Published online Sep 21, 2014. doi: 10.3748/wjg.v20.i35.12662
Revised: May 18, 2014
Accepted: June 14, 2014
Published online: September 21, 2014
Processing time: 184 Days and 21 Hours
Liver test abnormalities have been described in up to 60% of patients with systemic lupus erythematodes (SLE) at some point during the course of their disease. Prior treatment with potentially hepatotoxic drugs or viral hepatitis is commonly considered to be the main cause of liver disease in SLE patients. However, in rare cases elevated liver enzymes may be due to concurrent autoimmune hepatitis (AIH). To distinguish whether the patient has primary liver disease with associated autoimmune clinical and laboratory features resembling SLE - such as AIH - or the elevation of liver enzymes is a manifestation of SLE remains a difficult challenge for the treating physician. Here, we present six female patients with complex autoimmune disorders and hepatitis. Patient charts were reviewed in order to investigate the complex relationship between SLE and AIH. All patients had coexisting autoimmune disease in their medical history. At the time of diagnosis of AIH, patients presented with arthralgia, abdominal complaints, cutaneous involvement and fatigue as common symptoms. All patients fulfilled the current diagnostic criteria of both, AIH and SLE. Remission of acute hepatitis was achieved in all cases after the initiation of immunosuppressive therapy. In addition to this case study a literature review was conducted.

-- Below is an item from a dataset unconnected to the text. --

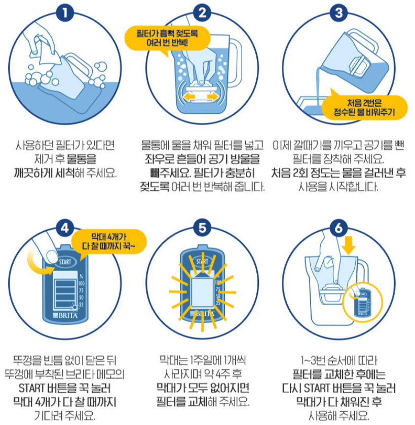 요약하자면 브리타 정수기 사용법은 다음과 같습니다.

Core tip: Hepatic involvement in patients with systemic lupus erythematodes (SLE) is considered to be rare. The differences between hepatic involvement caused by hepatotoxic drugs, coincident viral hepatitis, non-alcoholic fatty liver disease or concurrent autoimmune hepatitis (AIH) as independent disease has not been defined clearly in patients with SLE. This case report describes six patients who fulfill the current diagnostic criteria for both SLE and AIH, and thus represents the largest case series in the literature.